Уважаемые ГЕНЕТИКИ! выскажите, пожалуйста, Ваше профессиональное мнение, что нужно еще обследовать (и нужно ли) по части генетики чтобы исключить вероятность повторной анэмбрионии???
кариотипы в норме у обоих
гомоцистеин = 5,69 (4,6-12,44)
фактор ейдена G/G (нормальная гомозигота) оценка 0
Протромбин коагуляционный фактор II G/G (нормальная гомозигота) оценка 0
Ингибитор активатора плазминогена 5G/*4G (гетерозигота) оценка 1
Метилентетрагидрофолатредуктаза C/С (нормальная гомозигота) оценка 0

и что означает результат PAI 1???

[Irba]

Пожалуйста, если возможно прокомментируйте: с результатами вышеуказанных исследований обратились на консультацию к генетику, где врач настоятельно рекомендует сдать те же самые анализы, что и мой лечащий гинеколог (указаны выше; лист с назначением я генетику не показывала), а также волчаночный антикоагулянт, АТ к фосфолипидам, АТ к кардиолипину (скрининг).
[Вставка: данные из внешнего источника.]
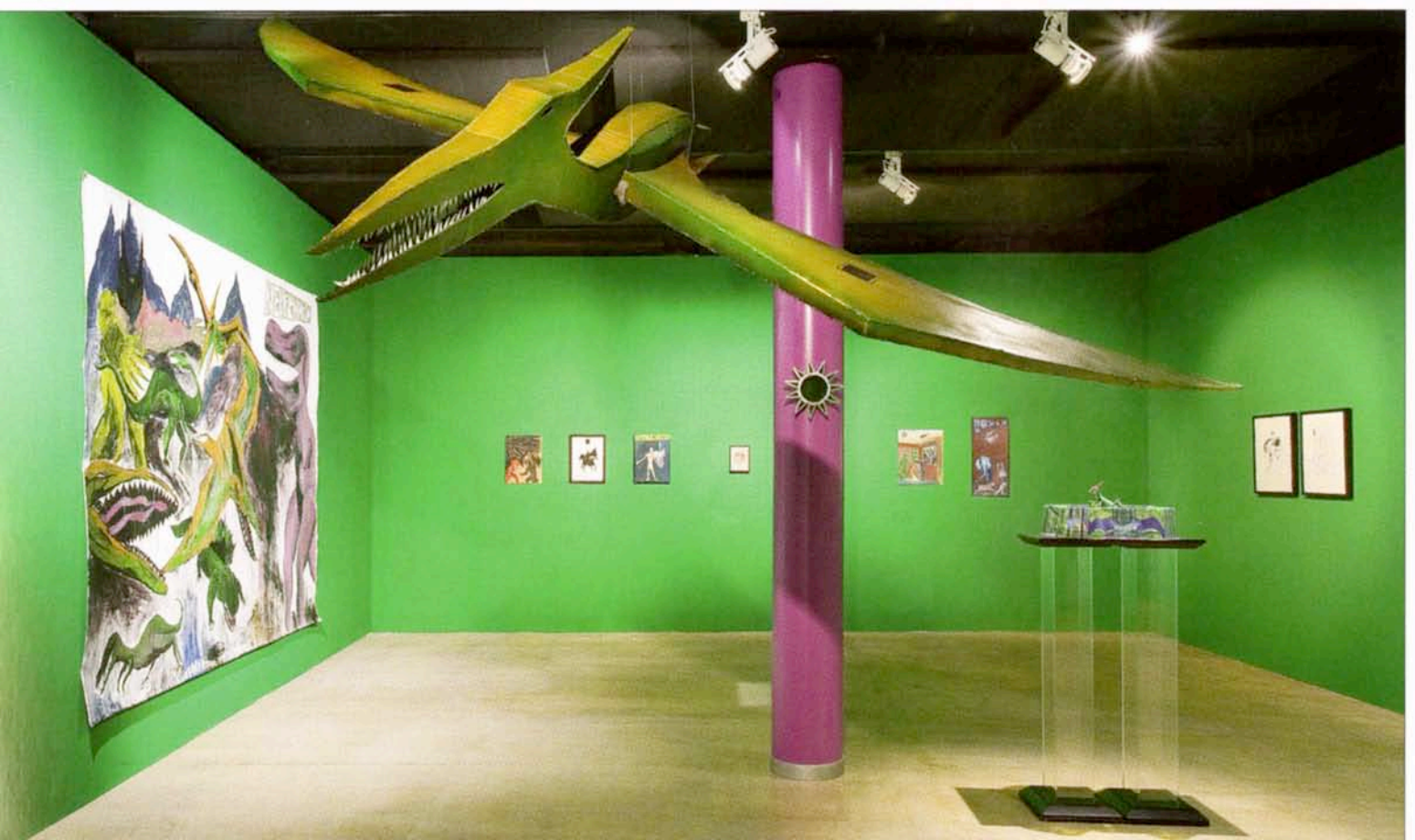
ANDREAS HOFER, Never World, 2005.

Time“ stammt. Von einem dunklen Vorraum aus blickt man gleichsam im 3D-Format in eine futuristisch gefaltete Höhle, die in geheimnisvolles Licht getaucht ist. An den Wänden befinden sich enigmatische Tafelbilder, zwei kleine magisch-kosmische Filme und Uhrzeiger, welche lautes Ticken begleitet. Menschliche Zivilisation wird verkörpert durch die unterlebensgroße Skulptur eines Arbeiters mit gleich zwei grässlich grimassierenden Glatzköpfen – spontan fühlt man sich an Lichtinstallationen von Bruce Nauman erinnert – und durch einen stark stilisierten Baum, der Aufnahmen von Abi Warburgs Schlangenritual evoziert und somit Evoluti-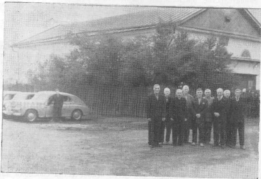
Молитвенный дом Карагандинской церкви евангельских христиан-баптистов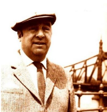
La ciudad de Tacna rindió homenaje a Pablo Neruda, a 106 años de su natalicio.

- Los más importantes medios escritos mexicanos, como La Jornada, El Informador, Milenio y Excelsior, entre otros, realizaron artículos y entrevistas a raíz de la visita a ese país del escritor chileno Hernán Rivera Letelier, reciente ganador del Premio Alfaguara Novela 2010, por su obra El arte de la resurrección .

Ссылается на то, что не может быть такого, что нет причин 2х ЗБ! надо просто их найти! и видит вероятную причину в наследственной тромбофлибии! при этом о семье, о заболеваниях, о рождаемости меня не спрашивала...
Врач - лучший в городе по отзыву знакомых медиков, имеет рекомендации и положительные отзывы пациентов - поэтому мы к ней и пошли!
вопрос: обоснованы ли предположения врача в назначениях?
насторожил тот факт, что врач поначалу рассказывала нам о причинах ЗБ, а когда я уточнила что все же была анэмбриония (в 7 акушерских недель ПЯ соответствовало 3м неделям)- она сказала что анэмбриония может быть исключительно результатом неправильной закладки эмбриона либо при неправильных кариотипах супругов! так зачем же тогда эти дорогостоящие исследования? в 7 недель (а тем более в 3 когда замер эмбрион) плаценты и в помине нет - где могут образовываться микротромбы, которые якобы погубили эмбрион?
Если на форуме есть генетики - прошу Вашей помощи!
Т.о. мы имеем на руках предварительное заключение генетика о том, что кариотипы супругов в норме, анализы 4х основных генов сертывающей системы паталогий не выявили, гомоцистеин в норме. Рекомендовано в плане дообследования расширить тест на генетическую тромбофилию, АФЛС. и повторная консультация генетика.